**Data for processing:**

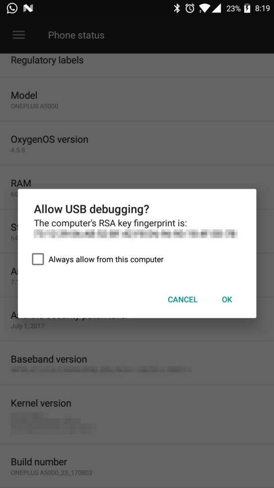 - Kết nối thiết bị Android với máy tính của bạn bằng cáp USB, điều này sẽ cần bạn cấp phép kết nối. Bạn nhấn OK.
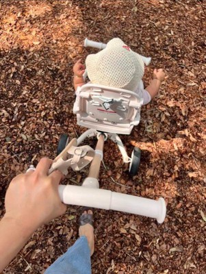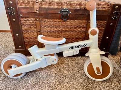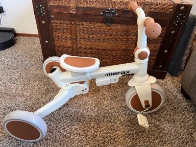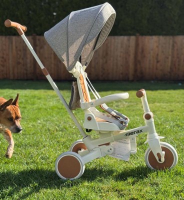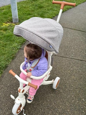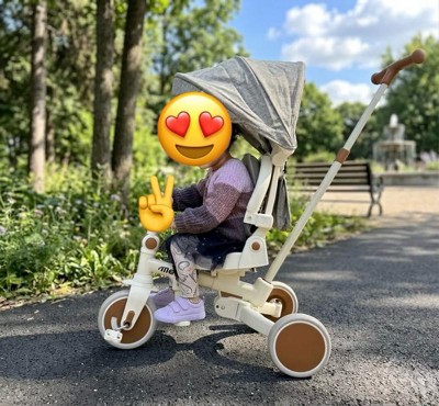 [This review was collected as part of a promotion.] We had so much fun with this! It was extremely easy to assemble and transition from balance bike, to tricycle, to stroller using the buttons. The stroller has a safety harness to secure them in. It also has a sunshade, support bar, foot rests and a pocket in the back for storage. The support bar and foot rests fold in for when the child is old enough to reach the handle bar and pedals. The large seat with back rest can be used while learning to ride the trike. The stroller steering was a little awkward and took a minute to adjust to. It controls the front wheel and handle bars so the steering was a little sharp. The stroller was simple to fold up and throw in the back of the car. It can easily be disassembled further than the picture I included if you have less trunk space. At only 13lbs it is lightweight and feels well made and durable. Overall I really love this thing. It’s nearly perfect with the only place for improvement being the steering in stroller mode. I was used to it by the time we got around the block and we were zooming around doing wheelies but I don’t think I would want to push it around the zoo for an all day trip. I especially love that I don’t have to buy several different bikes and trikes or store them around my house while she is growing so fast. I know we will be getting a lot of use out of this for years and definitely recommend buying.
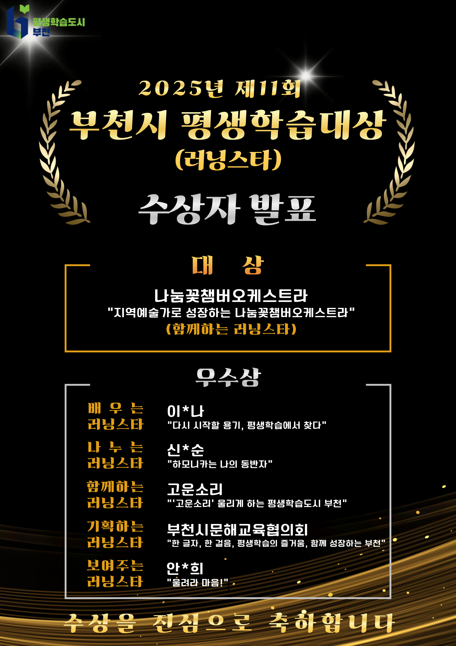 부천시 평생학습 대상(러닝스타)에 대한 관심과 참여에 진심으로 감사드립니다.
---
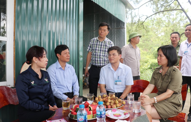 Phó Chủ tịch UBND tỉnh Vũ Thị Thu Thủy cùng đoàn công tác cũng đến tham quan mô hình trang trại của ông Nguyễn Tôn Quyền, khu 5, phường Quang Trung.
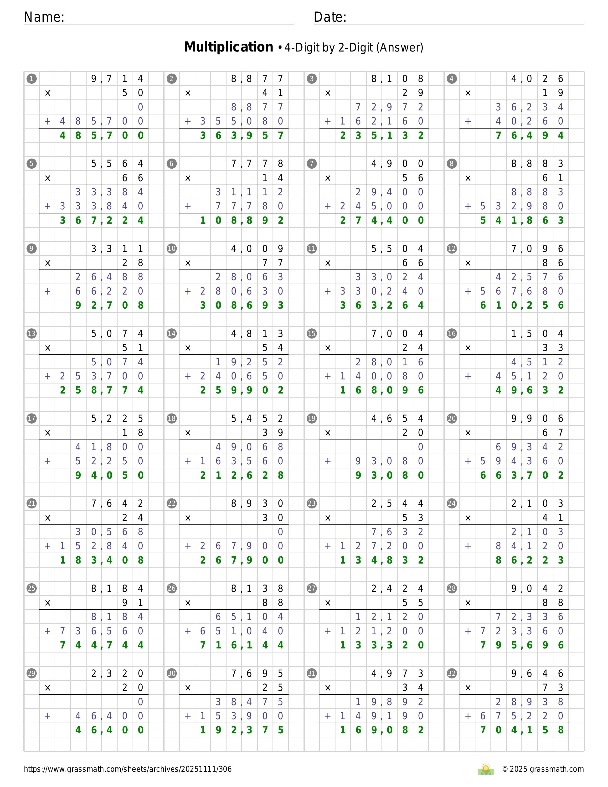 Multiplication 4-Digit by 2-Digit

**Problem statement:** Above are the records; return the lines in them from the one with "Phó Chủ tịch" to the one with "Multiplication 4-Digit by 2-Digit", inclusive, exactly and without images.

**Response below:**
 Phó Chủ tịch UBND tỉnh Vũ Thị Thu Thủy cùng đoàn công tác cũng đến tham quan mô hình trang trại của ông Nguyễn Tôn Quyền, khu 5, phường Quang Trung.
 Multiplication 4-Digit by 2-Digit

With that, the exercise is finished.